Un gol da vedere e rivedere

Come ultima postilla tattica: non sfugga il fatto che il terzino Di Lorenzo si trovi a tirare quando è in posizione di mezzala, più stretto rispetto all’esterno offensivo di parte – ricorda qualcosa? Anche questa è pura tattica, ed è ciò che rende bellissimo il Napoli di Spalletti: ogni azione, per quanto intrinsecamente estemporanea, nasce da principi e movimenti che sono codificati. Che questa squadra ha ormai mandato a memoria. Per esempio: basta andare a ripescare gli highlights di Cremonese-Napoli 1-4, giocata qualche mese fa, per vedere Kvaratskhelia che conquista un rigore con lo stesso identico inserimento profondissimo da sinistra verso il centrodestra dell’area di rigore.

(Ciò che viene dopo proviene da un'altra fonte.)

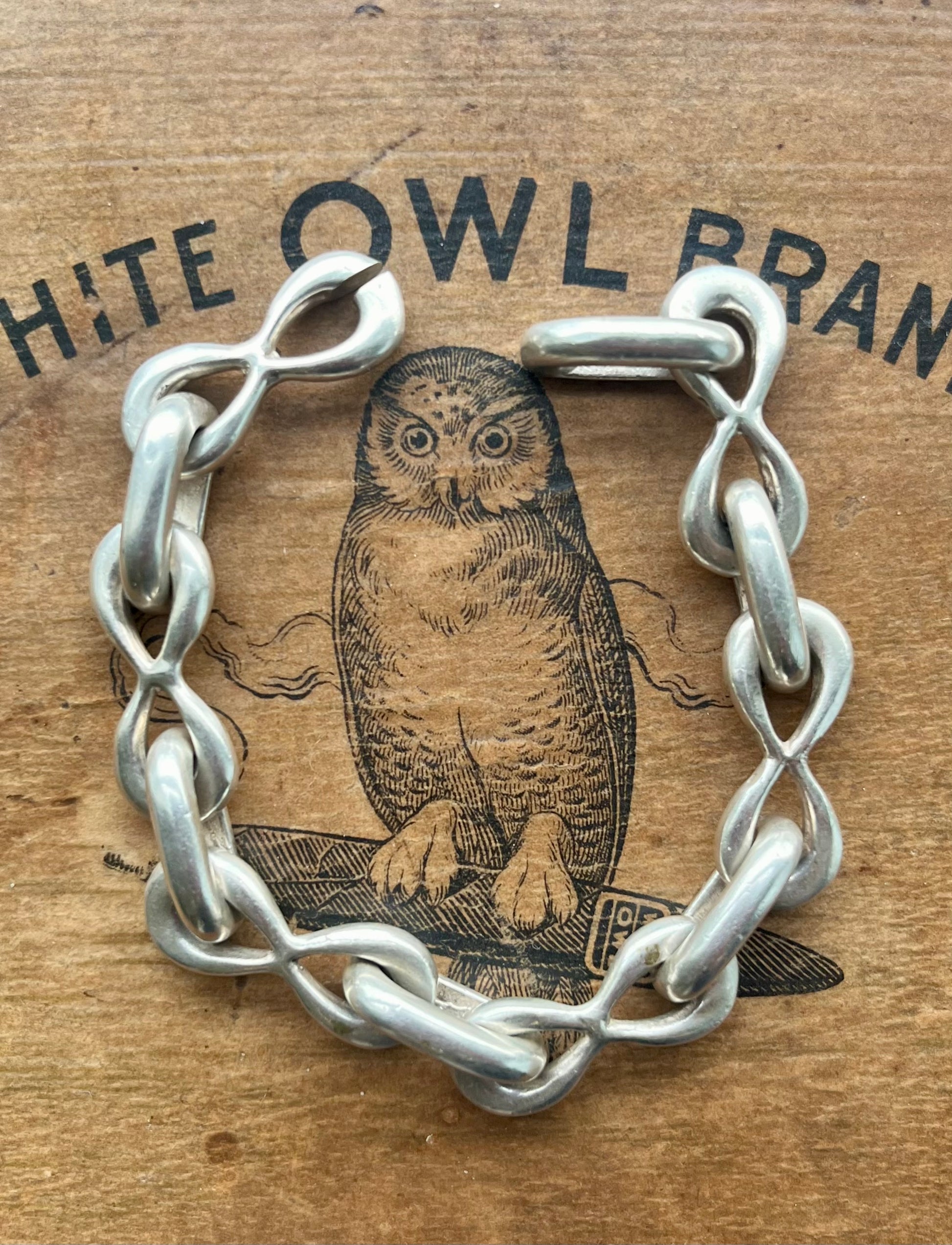 This is perhaps an unintentional version, with infinity links and a very clever clasp that is indeed challenging to put on. When it's on, it's on, a beautiful design, and such a nice weight. Very soft , feels nice on the wrist.

Prima abbiamo citato l’asse Insigne-Callejón, e non è stata una scelta a caso: è evidente che ci sia una differenza enorme tra quel Napoli e quello di quest’anno. Non c’è – perché non potrebbe essere misurata – una differenza ontologica, quindi è impossibile dire quale versione della squadra azzurra sia migliore. Fatto sta, però, che quel meccanismo così fruttuoso, oggi, è stato sostituito in modo efficace e convincente e anche appagante. Il Napoli di Spalletti è una nuova squadra-brand che però gioca in modo diverso rispetto a quella che fu allenata da Sarri. Magari avrà un possesso meno raffinato e corale, ma esplora molto di più la profondità – grazie a Lozano e soprattutto a Osimhen – e sa sempre come variare spartito di partita in partita, e dentro la stessa partita. Se ne sono accorti anche a Francoforte.